MATERIAL AND METHODS

Seventy patients with locally advanced squamous cell cervical cancer Stages IIB (n = 14), IIIB (n = 49), and IVA (n = 7) were investigated in the period from 1996 through 1999. All were treated with definitive radiotherapy with curative intent by a combination of external radiotherapy plus high-dose-rate afterloading. Before therapy, tumor oxygenation was measured with a needle probe polarographically using the Eppendorf histograph. Hypoxic tumors were defined as those with pO(2) measurements below 5 mm Hg (HF5). Pretreatment biopsies were taken and analyzed immunohistologically for p53 protein expression with the DO-7 antibody. The DNA index was measured by flow cytometry. The statistical data analysis was done with SPSS 9.0 for Windows.

RESULTS

The 3-year overall survival was 55% for the whole group of patients. Clinical prognostic factors in a multivariate analysis were pretreatment hemoglobin level (3-year survival 62% for patients with a pretreatment hemoglobin > or =11 g/dl vs. 27% for hemoglobin <11 g/dl, p = 0.006) and FIGO stage (Stage IIB: 65%; Stage IIIB: 60%; Stage IVA: 29%, p = 0.01). Sixty of the 70 tumors showed positive immunohistologic staining for p53 protein (transformed p53 = tp53), and 10/70 were negative (wild-type p53 = wtp53); p53 expression had no significant impact on survival (50% for tp53 vs. 79% for wtp53, p = 0.11).
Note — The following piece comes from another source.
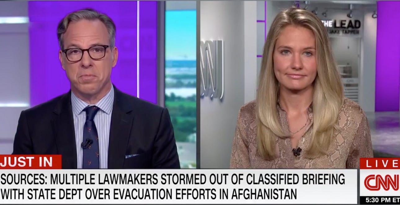Atwood told CNN’s Jake Tapper the same story on Wednesday afternoon: “Lawmakers on both sides of the aisle, we should note, Jake, stormed out of the room because they felt like they weren't getting the detailed information that they needed to really understand what else needs to be done here with regard to the U.S. evacuation efforts from Afghanistan.”

FIGO stage and anemia had no impact on p53 expression. Forty-nine of 70 tumors were hypoxic (HF5+), and 21 showed no hypoxia (HF5-). Hypoxic carcinomas were more frequently positive for p53 as compared to nonhypoxic tumors (27% vs. 13%, p = 0.011) and showed a trend toward a lower survival (48% vs. 70%, p = 0.07). In a further multivariate analysis, the impact of a combination of p53 expression and hypoxia on survival was examined. After adjusting for FIGO stage and pretreatment anemia, patients with wtp53 tumors had the best prognosis (3-year survival 79%) followed by tp53-HF5(-) patients (57%), and the most unfavorable prognosis was observed for tp53-HF5(+) patients (47%). The DNA index was higher in tp53 carcinomas compared to wtp53 tumors, 1.97 +/- 0.4 vs. 1.67 +/- 0.1, p = 0.05. The highest DNA index was found in hypoxic tumors with transformed p53 (2.2 +/- 3.1).

CONCLUSIONS

Advanced stage and pretreatment hemoglobin level are independent prognostic factors in cervical carcinomas. The immunohistologic detection of (a functionally inactive) p53 and the presence of hypoxia had no prognostic impact, if analyzed as single parameters. However, the combination of both parameters was able to discriminate different prognostic subgroups. Moreover, hypoxic cancers were more often immunohistologically positive for tp53 protein and had a higher DNA index with the highest DNA index in tumors with both hypoxia and tp53 protein expression. These findings in summary support the theory that the tumor's microenvironment may influence the biologic behavior via hypoxia.